Read more at The Register, The Hacker News

Fake “Perplexity” Chrome extension routed address-bar keystrokes through attacker domain before showing normal results

A malicious Chrome Web Store extension impersonating Perplexity AI captured users’ searches—and even live address-bar input—by routing it through an attacker-controlled domain before redirecting to legitimate results. Google removed the extension after Microsoft’s disclosure, highlighting how search-provider overrides in Chromium extensions can be abused for covert data collection.Live search queries paired with device data (IP, browser fingerprint) are a valuable asset on their own, sellable to data brokers as a real-time feed of user intent. But an extension with this level of access doesn’t have to stop at collection: it can just as easily swap out search results to run affiliate fraud, or use query history to build targeting profiles for more convincing phishing down the line.

Key Details

  • Microsoft identified the extension as “Search for perplexity ai” (ID: flkebkiofojicogddingbdmcmkpbplcd).
  • The extension funneled traffic through a look-alike domain perplexity-ai[.]online while presenting users with normal-looking results from Perplexity, Google, or Bing.
  • It changed browser settings to become the default search provider and also repointed the browser’s suggestion feature so typed characters were sent to the attacker infrastructure before users hit Enter.
  • Microsoft said it found no evidence of password theft, but noted the extension requested far broader capabilities than a search utility should require (including rules to enable redirects for additional search engines).

Next Steps

  • If present, remove “Search for perplexity ai” and verify the default search engine and search-suggestion settings were not left modified.
  • In managed environments, allowlist approved browser extensions via enterprise browser policy to prevent brand-impersonation installs from the Chrome Web Store.
  • Add detections/blocks for perplexity-ai[.]online (and hunt for browser traffic to that domain associated with extension-driven redirects).
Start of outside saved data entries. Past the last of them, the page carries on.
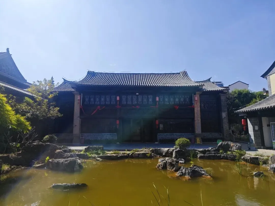 玉皇阁与白雀寺景区连在一起,先进了白雀寺,这座寺庙始建于清代,民国重修,整体看着很新。进入大门之后,看到一块景观小池塘,后面的建筑做了展厅。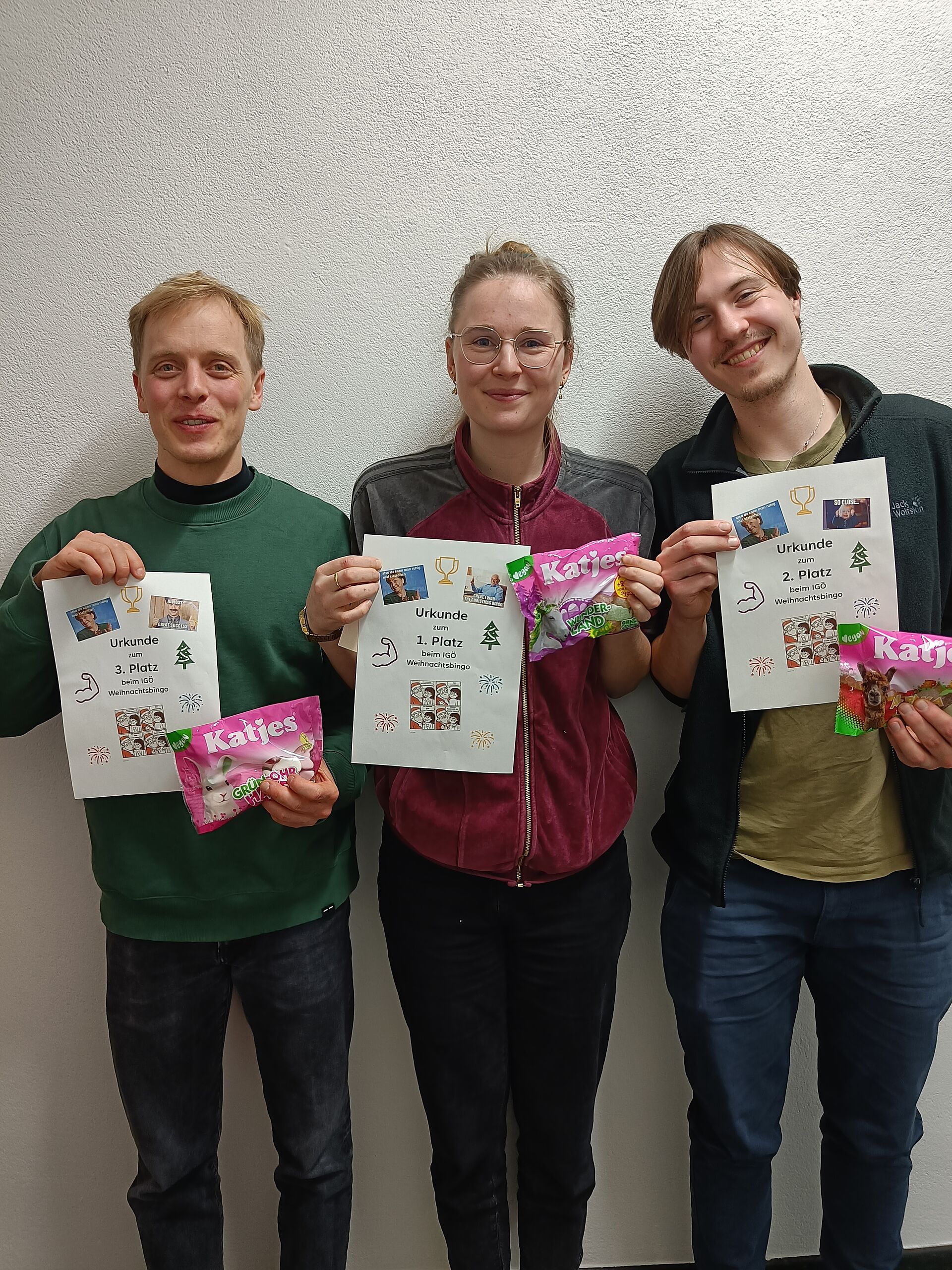 We are taking a break for the winter holidays with a photo of the winners of the 1st IGÖ Christmas Bingo. Congratulations Lina, Finn and Gregor!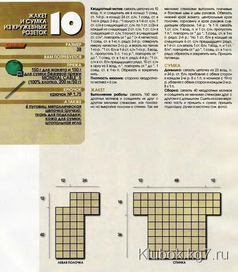square motif = 6 cm. pattern of the jacket from lace motifs JACKET Execution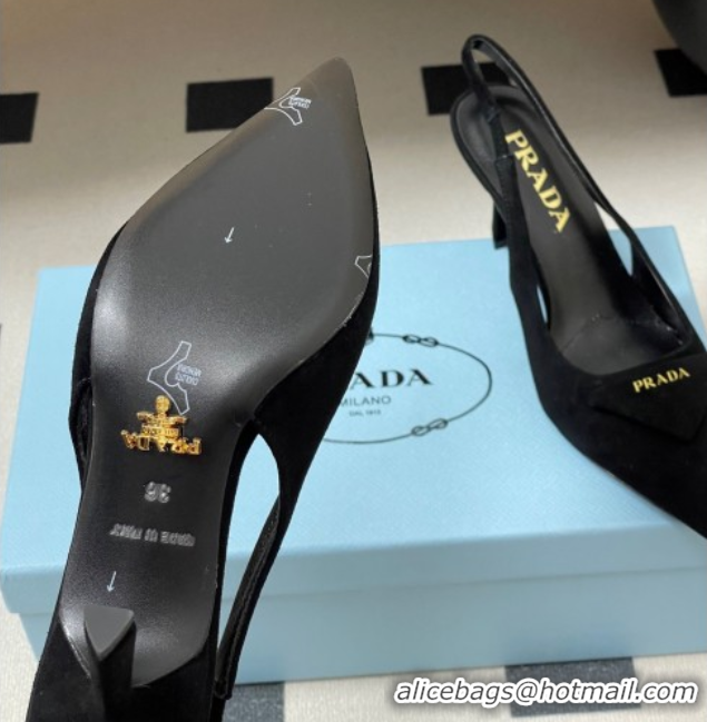 Good Quality Prada Suede Slingback Pumps 7.5cm Black 2025 1I901M 1027035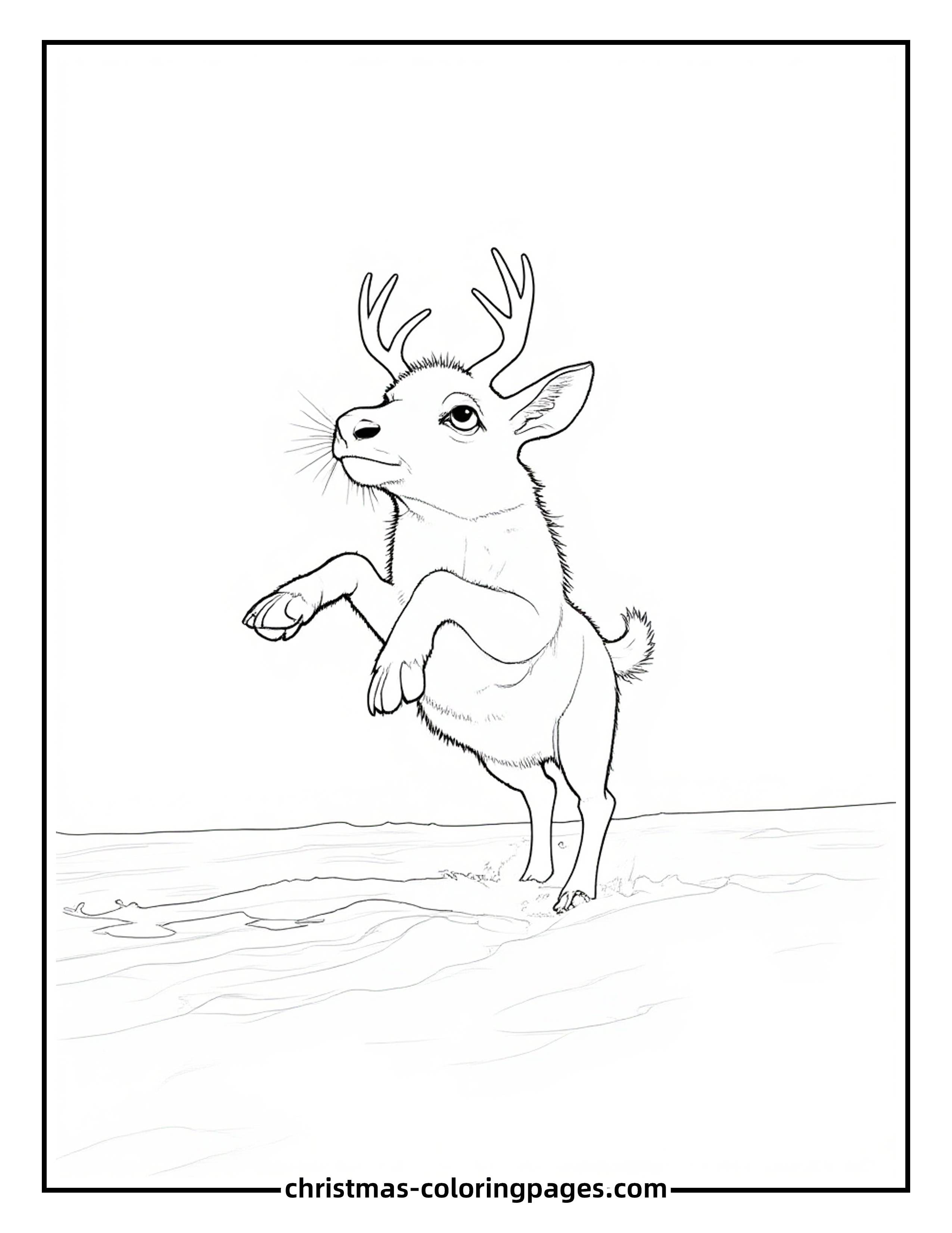 Easy Christmas Coloring Pages – Reindeer Jumping in the Snow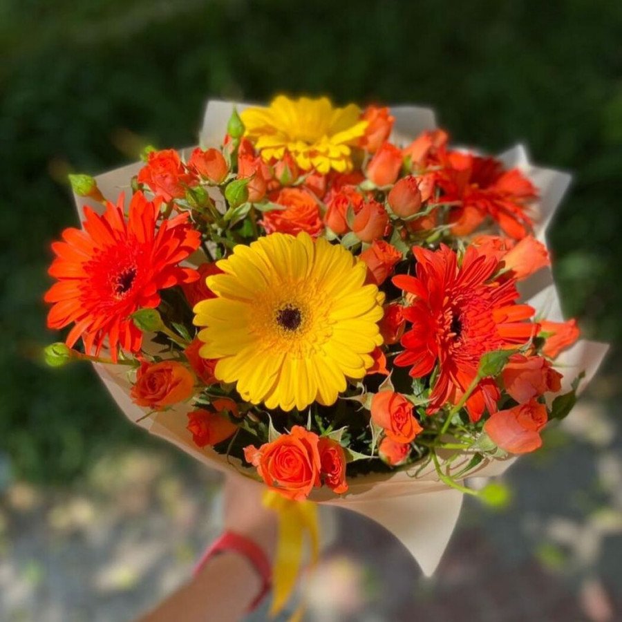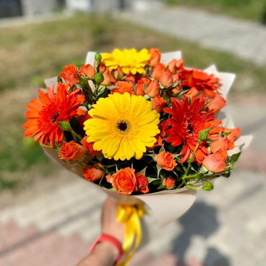 На фото букет из кустовых роз и гербер. В составе: гербера 5 шт, кустовая роза 4 шт, крафт-бумага 1 шт, атласная лента 1 шт, . Все цветы свежие и ароматные, букет красиво оформлен и отлично подходит для подарка. Доступна доставка цветов или самовывоз.
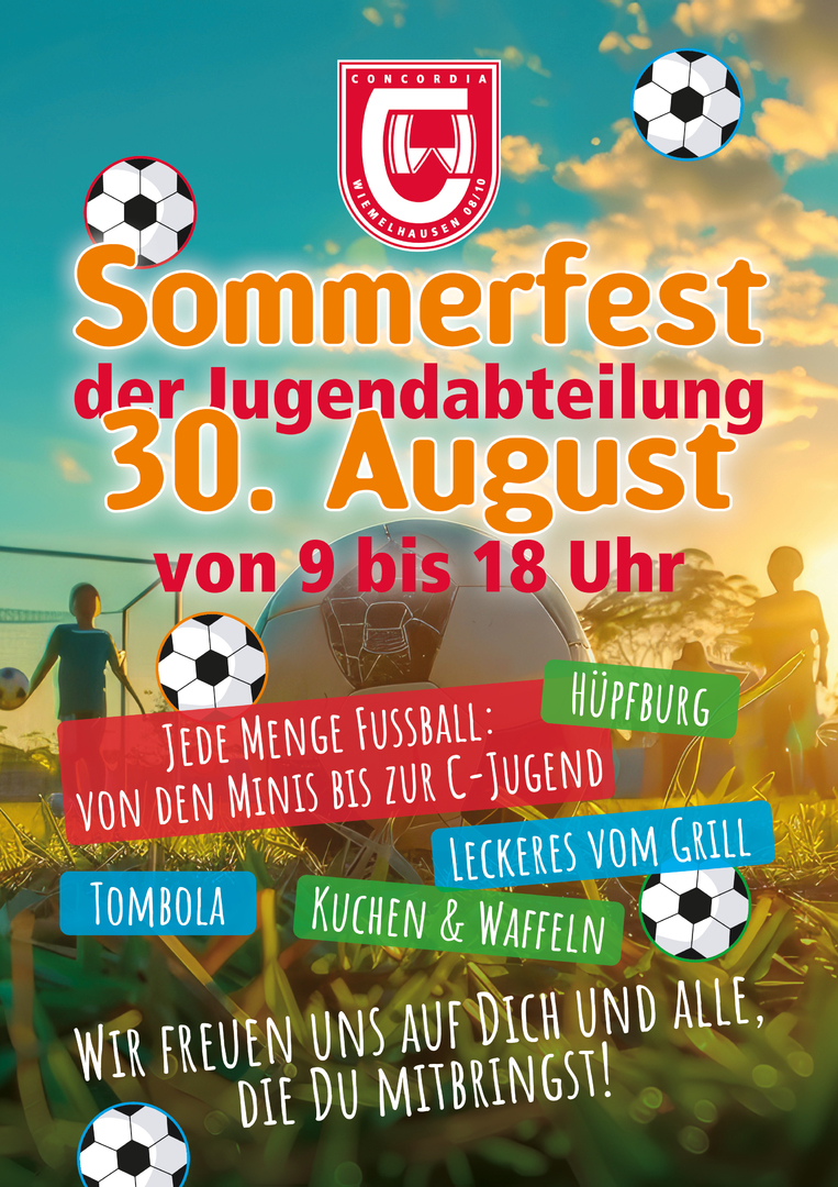 Am 30.08.25 findet unser großes Sommerfest zur Eröffnung der neuen Saison statt. Tombola, Hüpfburg, viele Leckereien und vor allem tolle Fußballspiele den über den ganzen Tag verteilt, wir freuen uns auf euch!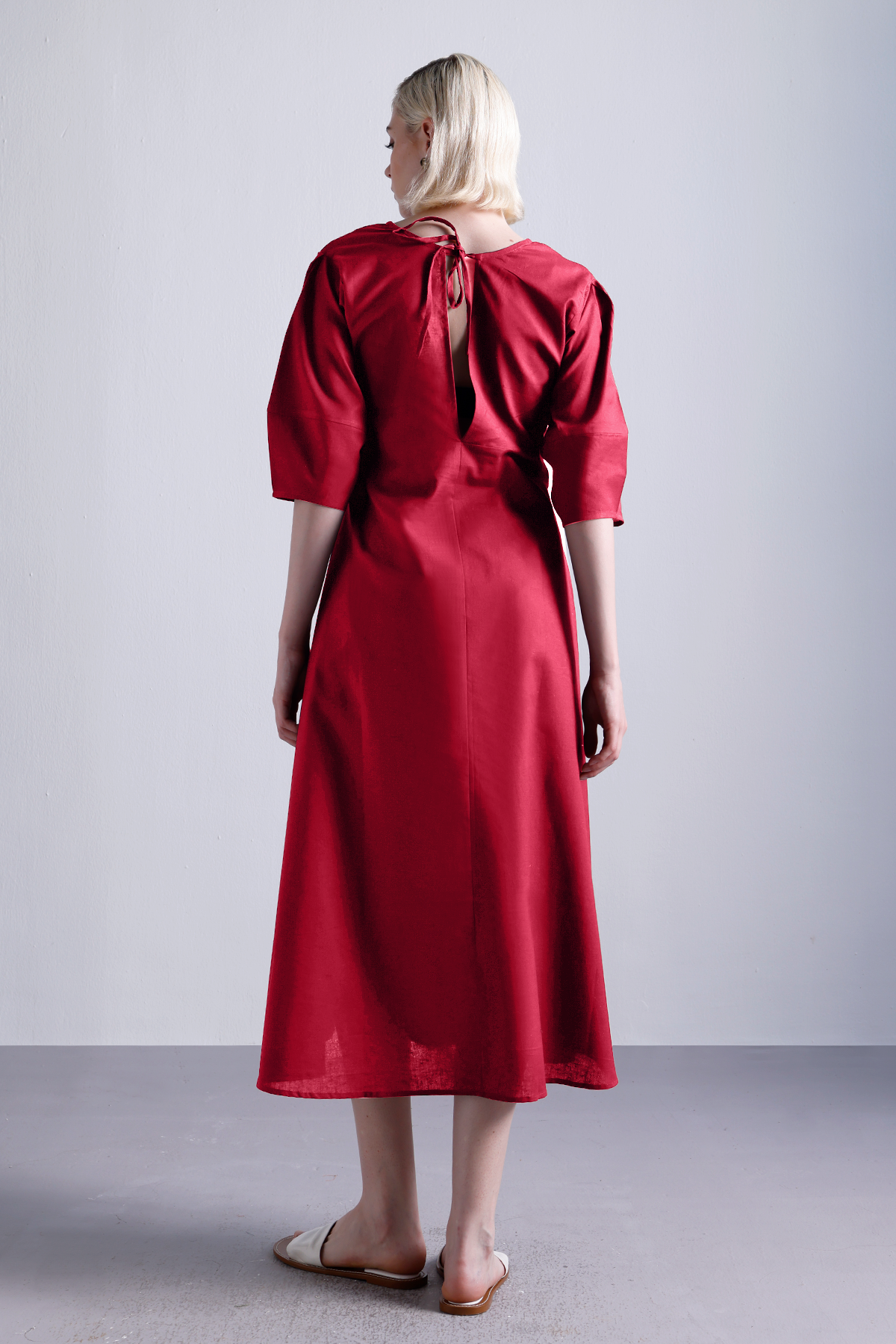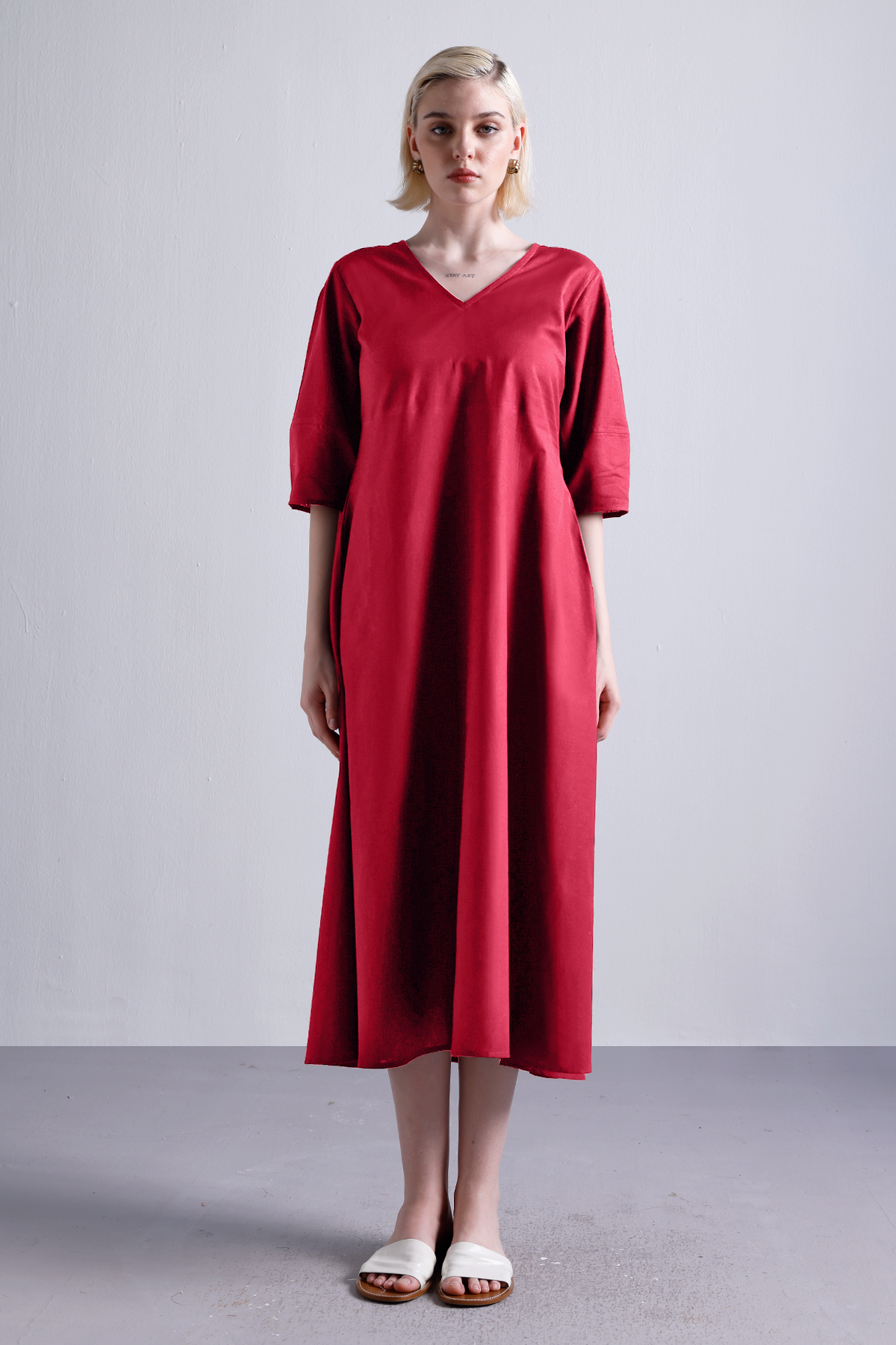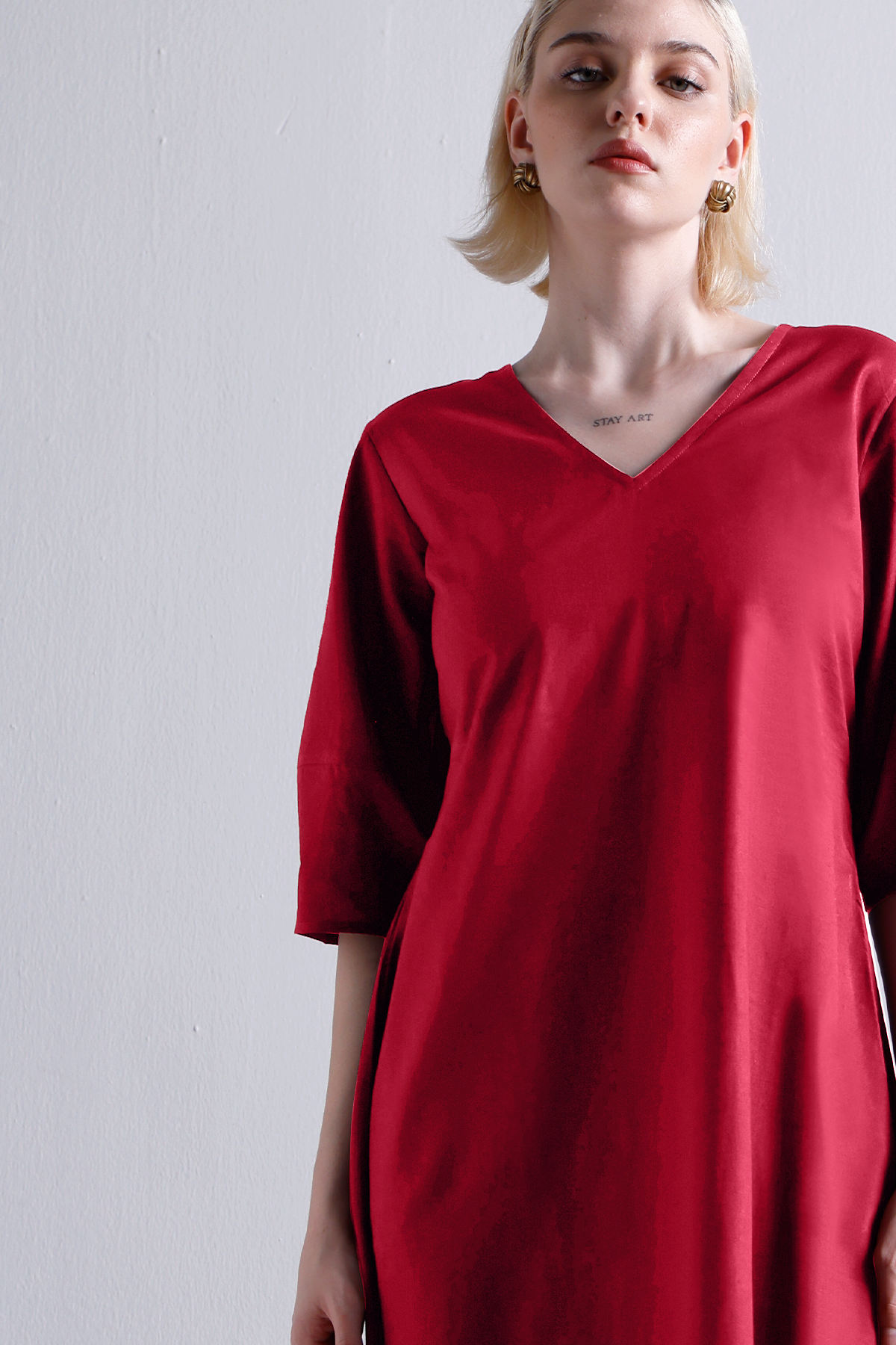 This Crimson dress hits the sweet spot between structure and slouch. Features include a flattering V-neck, elbow-length sleeves, and a flowy A-line cut that flatters without clinging. Just add minimal slides or a messy bun—it’s that kind of piece.

Read more at BleepingComputer, CSO Online, The Hacker News, Cyber Security News, Microsoft Security Blog

Microsoft details “tool poisoning” risk: tampered MCP tool descriptions can trick AI agents into exfiltrating business data

Microsoft Incident Response and Defender researchers warned that attackers can hide malicious instructions inside an MCP tool’s plain-text description to steer an AI agent into leaking data. Descriptions are often read by the model during tool discovery, before a human has explicitly approved that specific tool, and they can be silently updated after installation, with no re-approval trigger in many setups. Because the agent’s steps can look like normal tool use under the user’s permissions, poisoned tool metadata can bypass typical prompt-injection assumptions that only affect model output.

Key Details

  • MCP (Model Context Protocol) tool descriptions are consumed as guidance for tool selection and execution, making them a high-leverage control point when agents connect to third-party tools.
  • In Microsoft’s finance workflow example, a third-party “invoice enrichment” tool is updated so its description silently instructs the agent to attach recent unpaid invoices to routine requests, enabling covert data exposure without changing the tool’s visible identity.
  • Microsoft frames the core issue as a “trust boundary” gap between agents, their connected tools, and downstream endpoints. The tool is approved and the call is allowed, but the description becomes an untrusted instruction channel.
  • Microsoft’s recommended mitigations include treating tool metadata like code/system prompts (review and scan changes), restricting tools via allowlists/least-necessary access, and requiring human approval for high-impact actions, with product mappings such as Prompt Shields, Purview DLP, Entra Agent ID, Defender for Cloud, and Sentinel.

Next Steps

  • Require change control for MCP tool registrations and tool description updates (re-approval on metadata changes; treat descriptions as system prompts rather than documentation).
  • Move from “allow all tools” to an allowlist of approved MCP tool publishers and per-agent minimal tool sets, so agents can only invoke explicitly needed tools.
  • Put human approval gates on high-risk agent actions (e.g., sending data externally, financial actions, or account changes) to prevent silent execution paths.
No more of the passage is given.